If you’re like me, you probably have some fond memories as a kid of sitting down to a bowl of hot oatmeal. I used to help my grandmother make it at the cottage. I’d stand beside her at the stove and patiently wait for the pot of salted water to come to a boil. As she stirred the water with her beloved wooden spoon, I’d wait for her to nod and I’d slowly add the dried oats, little by little to avoid any lumps from forming. It needed to be smooth through and through.
It’s not all love and sunshine for grains
Grains and grain products, including oats, have taken a lot of heat lately ever since the Paleo diet philosophy hit the stage. In a nutshell, those who follow Paleo principles say that grains were never a significant part of the human diet until very recently [evolutionarily speaking], i.e. in the last 8000 to 10,000 years. While there is evidence that early humans did in fact include grains, they certainly didn’t eat them in the amounts that we currently do today.
Paleo folks state that grains are not easily digested by humans and that grains and grain products have compounds that interfere with nutrient absorption, a.k.a. ‘anti-nutrients‘, which include things like fiber, saponins, phytates and more. While it’s true that diets that are imbalanced to include a lot of grains, like the macrobiotic diet, which also excludes other healthy foods like meats, eggs, fish, many vegetables etc can lead to nutrient deficiencies, as part of a varied diet that includes nutrient-dense foods with a variety cook and raw preparation methods, grain products can be a healthy addition and won’t necessarily lead to nutrient imbalances.
Those who follow and promote nutritional ketogenic diets for both weight loss and therapeutic reasons (and there’s valid evidence for that, especially where there’s any kind of metabolic damage) also shun grains and grain products simply because they are rich in starch. Their argument is that grain and grain products spike blood sugar and can lead to diabetes and a host of other diseases. or at the very least aggravate metabolic diseases. In this case, I’m not opposed to limiting grains and grain products [notice I said limit and not eliminate] as a strategy to help manage blood sugar etc.
Are there any redeeming qualities to grains such as oats?
Eating Well with Canada’s Food Guide isn’t all bad. Lord knows I have many issues with it but the basics are all there. Whole grain products can be part of a healthy diet and I don’t buy into the Paleo or the ketogenic philosophy that categorically dismisses them as poisons any more than I blindly accept conventional wisdom that states whole grains are the ‘be all and end all’.
I don’t include a lot of grain products in my own diet and I’ve seen many people in private practice who follow an almost grain-free diet; neither them nor I are on the brink of death. The notion that a diet can’t be healthy unless whole grains are included is hogwash. The vast majority of the research on whole grains is epidemiological. Having said that, whole grains do contain useful nutrients and oats are no exception.
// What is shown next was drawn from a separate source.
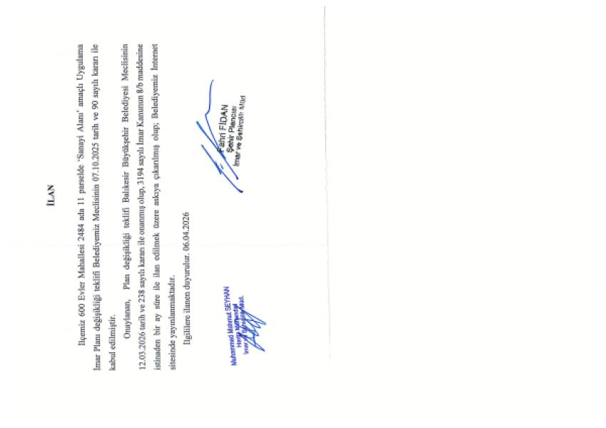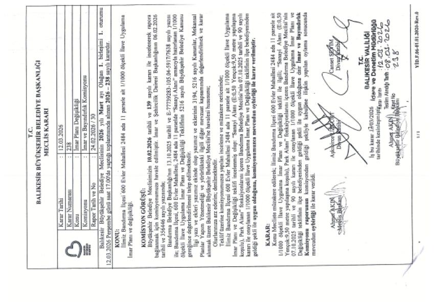 Onaylanan, Plan değişikliği teklifi Balıkesir Büyükşehir Belediyesi Meclisinin 12.03.2026tarih ve 238 sayılı kararı ile onanmış olup, 3194 sayılı İmar Kanunun 8/b maddesine istinaden bir ay süre ile ilan edilmek üzere askıya çıkarılmış olup; Belediyemiz İnternet sitesinde yayınlanmaktadır.

Protein: protein is made up of amino acids which are the building blocks of the body. Protein in animal foods contains all 8 essential amino acids in amounts needed for health but most plant foods do not. Whole grains like oats is one such example. For the amino acid profile of oats to resemble that of say an egg, oats need to be eaten with other protein-containing plant foods like nuts, seeds or pulses [chickpeas, lentils, dried peas & beans]. Combining plant foods in this manner is referred to as ‘ protein complementing’ thereby delivering all of the essential amino acids that the body needs.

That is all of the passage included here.